The Oldest Cultivated Fruit In The World Goes Back To The Stone Age

The "good old days" were rough on the stomach. While the characters in "The Flintstones" enjoyed a full pantry and even restaurants, our actual prehistoric forebears spent most of their time hunting, gathering, fishing, foraging, and basically trying not to starve until the dawn of agriculture. When crop cultivation finally arrived, what did we start growing? Well, archaeological evidence suggests that figs were first on the menu. A dig site in Israel turned up figs from over 11,000 years ago, which scientists determined would have been grown from trees that couldn't reproduce without human help; making them the oldest example to date of cultivated fruit.

You may have tried figs before — fresh, dried, or in the ever-popular Fig Newton (whose actual name may surprise you) – but unless you're a botanist, you probably don't know the complex way they grow. The sweet, soft figs that many people enjoy eating and which were found at the Stone Age archaeological site come from a sterile mutation in female fig trees. These ancient trees can't organically reproduce, but periodically show up in the wild through natural mutations. However, these trees can be cultivated if humans cut their stems and replant them, which is what our prehistoric ancestors appear to have done to enjoy figs without waiting for the occasional mutant tree.

Ancient dishes you can set a Stone Age table with today

While we now know figs were on the Stone Age menu, surely people living millennia ago didn't survive on figs alone, without so much as a pizza to put them on. In fact, the figs our ancestors were growing fit into a varied diet and were used as sweeteners in the ancient world before sugar became available. Figs are one of the foods mentioned in the Bible along with other ancient dishes like bread, wine, stew, and roasted meat, which highlights the important role figs played in our diets. 

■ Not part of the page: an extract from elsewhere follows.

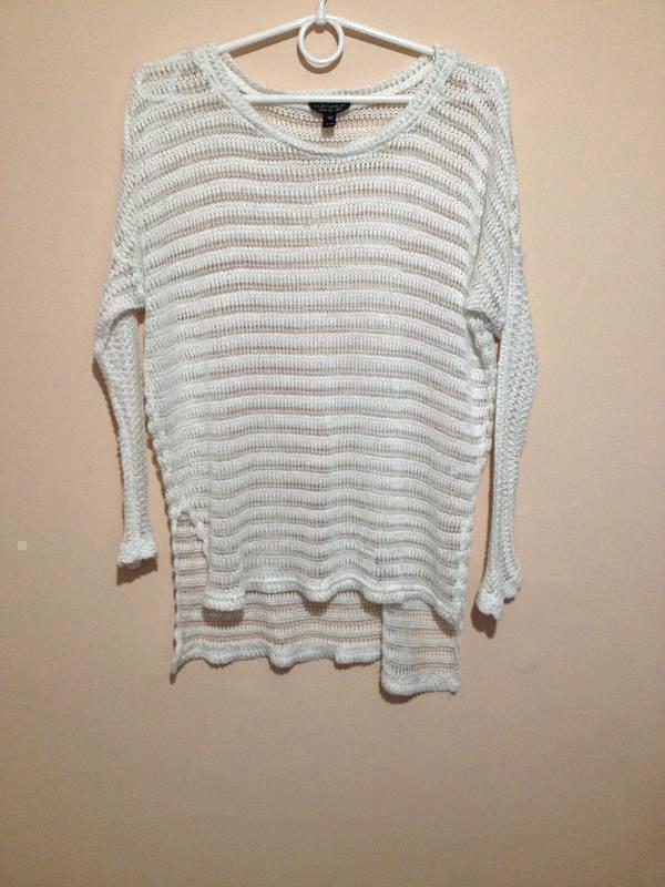 Свитер TOPSHOP паутинка. Размер: 10 (38) М. Красивейшая ажурная вязка, ажурные манжеты. Длина спереди: 65 см Длина Сзади: 74 см Рукав от горловины: 64 см ПОГ: 54 см Все замеры сделаны в спокойном состоянии. Свитер очень хорошо тянется. Без дефектов!
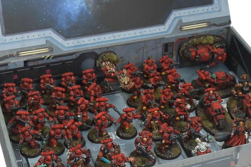 This box is also equiped with an additional metal plate attached to the inner back side of the box. This plate inreases a carrying capacity of the box and also allows for carrying a few miniatures that are higher than 70mm like liders or standard-bearers.

The fondness for figs extended to the ancient Romans, who ate them in a variety of dishes and also used them as a form of animal feed. A lavish Roman meal might end with cheese (another food that's been around for thousands of years, as seen in the ancient Chinese cheese mummies), fresh grapes, and a sweet treat of dried, spiced figs. Meanwhile, Roman pigs were often force-fed figs to fatten them up. Adding insult to injury, fig-stuffed ham in pastries shaped like pigs was a famous Roman feasting dish.